Грязная сказка (СИ) - Лабрус Елена. Страница 24

— Как скажешь. Не боишься, что я спрошу её о тебе?

— А есть что-то, чего ты обо мне не знаешь? — снова нарисовал он улыбающиеся скобочки.

— Конечно. Кто такая Эва?

— Ты до сих пор не успокоилась?

— Ты же сам меня научил, эффект Зейгарник. Незавершённые действия запоминаются лучше завершённых. А ты ни разу не сказал о ней правду.

— Хорошо, сдаюсь. Она моя сестра-близнец.

Таня улыбнулась. На самом деле не так уж её уже и интересовала его загадочная подружка, правду о которой он так тщательно скрывал. Скорее всего он её даже специально выдумал, чтобы поддерживать в Тане этот интерес.

— Записала. Версия номер пятнадцать. И хочу отметить, ты ни разу не повторился.

— Да, у меня мега-мозг. Трогательную историю как нас разлучили в детстве сразу рассказывать или дашь время подумать?

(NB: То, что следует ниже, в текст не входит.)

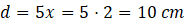 Wiedząc, że x jest równe 2 cm, oblicz długość przekątnej opisanej jako 5x.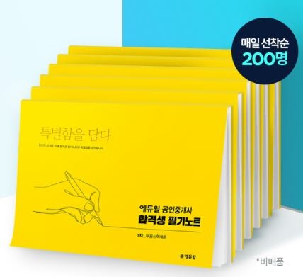 에듀윌 공인중개사 합격생 필기노트는 이달 말일까지 매일 선착순 200명에게 무료로 제공되며, 에듀윌에 2월 1일이후 신규 가입한 회원이라면 누구나 무료로 신청할 수 있다. 세부사항 및 신청은 에듀윌 공식 홈페이지를 통해 확인할 수 있다.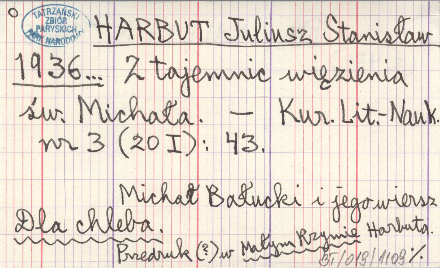 Kuryer Literacko-Naukowy, Nr 3 (20 I): 43. Michał Bałucki i jego wiersz "Dla chleba". Przedruk (?) w "Małym Rzymie" Harbuta. REC: KALETA R. *1986 (S. 481).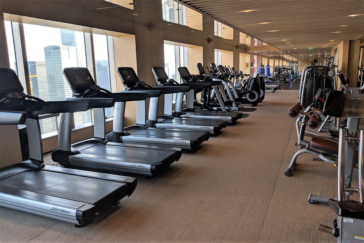 The gym was large and well-equipped. There were treadmills, elliptical machines, exercise bikes, rowing machines, free weights, weight machines and a general-use exercise studio. Everything was new and top-of-the-line — the treadmills had excellent interfaces that allowed streaming from the internet or your own device. There was bottled water, fruit and towels.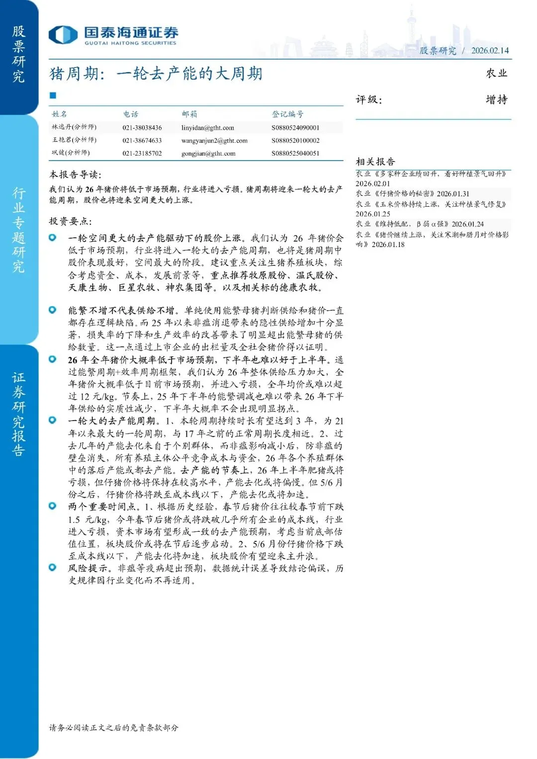 回复暗号:农业-猪周期:一轮去产能的大周期-260214-国泰海通证券-16页

— Подумай, — милостиво согласилась Таня. — Тогда твои истории звучат намного красочней.

— Спасибо, моя красавица. Твой адрес: Адмиральская, 8. Жукова Елизавета Петровна.

Глава 18

Наши дни

ТАНЯ

«Жукова Елизавета Петровна», — невольно скользнул Танин взгляд по мятой бумажке, которую достал из куртки Эрик. И из всех вопросов, возникших в её памяти, основным стал: «Интересно, она ещё жива?»

— Понятия не имею кто это, — скомкал он записку и оглянулся в поисках урны. — Чего только не заваляется в карманах.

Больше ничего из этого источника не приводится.